Some style of smokers let you cook over open flames or a hot bed of coals but this is not a requirement. Indeed, one of the most popular style of smokers in the US are electric smokers where no flame is ever present.
What is a Grill?
A grill is a device that allows you to cook food at high heat over open flames or hot coals.
Grills can be extremely versatile and you do not always have to use a grill to cook your food at high heat over open flames or coals.

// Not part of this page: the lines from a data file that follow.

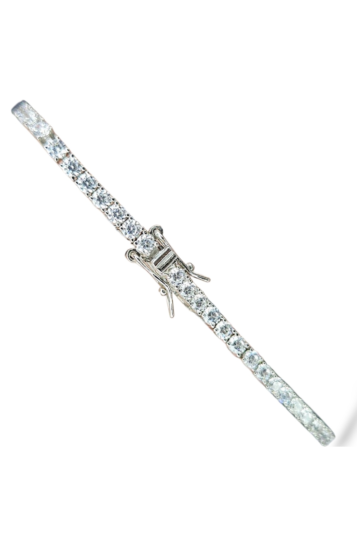 18 Ayar Beyaz Altın Kaplama Gümüş 2,5mm Zirkon Taşlı Su Yolu Bileklik Shine Koleksiyon 18 Ayar Beyaz Altın Kaplama Gümüş 2,5mm Zirkon Taşlı Su Yolu Bileklik Shine Koleksiyon MCWJB000093SS تک سایز
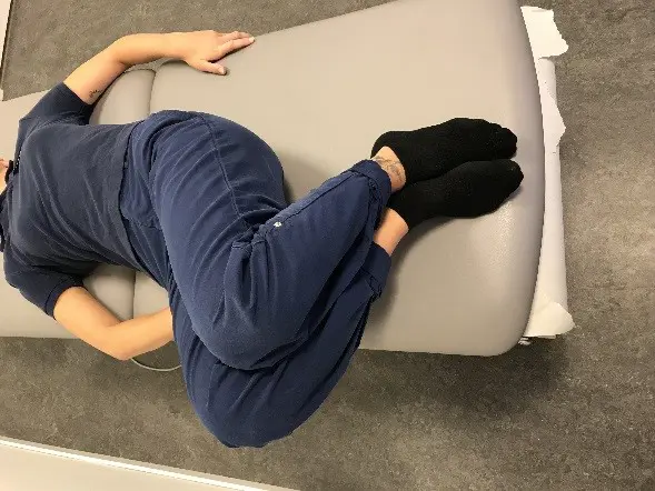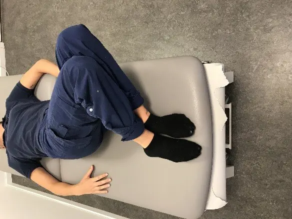 Övning 3: Ligg med axlarna kvar i underlaget, fäll knäna så långt du klarar åt höger och vänster. Upprepa 10 gånger åt varje håll, 5-10 gånger/dag.
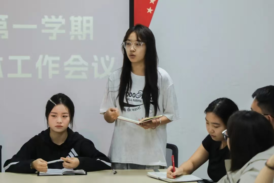 随后,学生干部代表李美屏、刘语欣结合自身实践经验,围绕新学期工作目标,系统阐述了以强化思想引领、优化部门协同、深化品牌活动为重点的工作思路,并就如何在实际工作中有效落实提出了明确的方法与路径。

One of the best ways of using a grill is to set up a two zone system where the heat and fire is on one side of the grill while the meats cook on the cooler side.
But, in my opinion, a fundamental requirement to calling something a grill is that it has the ABILITY to cook at high heat over open flames.
If you can you can potentially see and smell the dripping grease from your burger hitting the flames then you are cooking on a grill.
How Hot is “High Heat”?
This is an arbitrary definition on my behalf but when it comes to grilling I consider High Heat to be in the 500-700F range.
Limitation of My Definition of a Grill
My definition of a grill comes with immediate consequences.
For example, I wouldn’t call devices marketed as “electric grills” or “infrared grills” as true grills as even though they can get scorching hot, direct flames are not involved in the cooking process.
How does Traeger Stack Up?
The maximum cooking temperature of a Traeger differs between models but is usually in the 450-500F range. I consider these temperatures to be at the lower end of what I expect from a grill.
From an upper temperature standpoint a Traeger just qualifies as being a grill. However, Traeger’s fall short on my second requirement for being a grill, the ability to cook directly over open flames or coals.
While Traeger’s do use a live fire from burning wood pellets in their cookers, the food is shielded from the fire by a large grease tray and the heavy duty heat deflector that sits over the fire pot.
I Am Not Bashing on Traeger
The reasons I am not calling a Traeger a grill is not a fault or defect with the Traeger brand but is reflective of the limitations and challenges with the design of pellet cookers in general.
Some manufacturers of pellet cookers have tried to implement the option for direct flame grilling. Pit Boss and Camp Chef both offer direct flame grilling but, in my opinion, neither grill system works well.
The best direct flame grilling system I have seen on a pellet grill so far has been on the Yoder products.
Almost all pellet grills work great as smokers but fall short in the grilling department.
A Traeger is More Like an Oven Than a Grill
Traeger says that you can use their cookers to “Grill, Smoke, Bake, Roast, Braise & BBQ“. I will slightly disagree 🙂
Using a Traeger is almost identical to using a great oven where you get precise control over a wide range of temperatures. The benefit of a Traeger over an oven is that you get the smoke and flavor that comes with burning wood pellets.
If you cooked a ribeye steak in your oven would you say that you grilled it?
Don’t get me wrong, you can cook a KILLER steak in an oven or on a Traeger, I just wouldn’t call it grilled.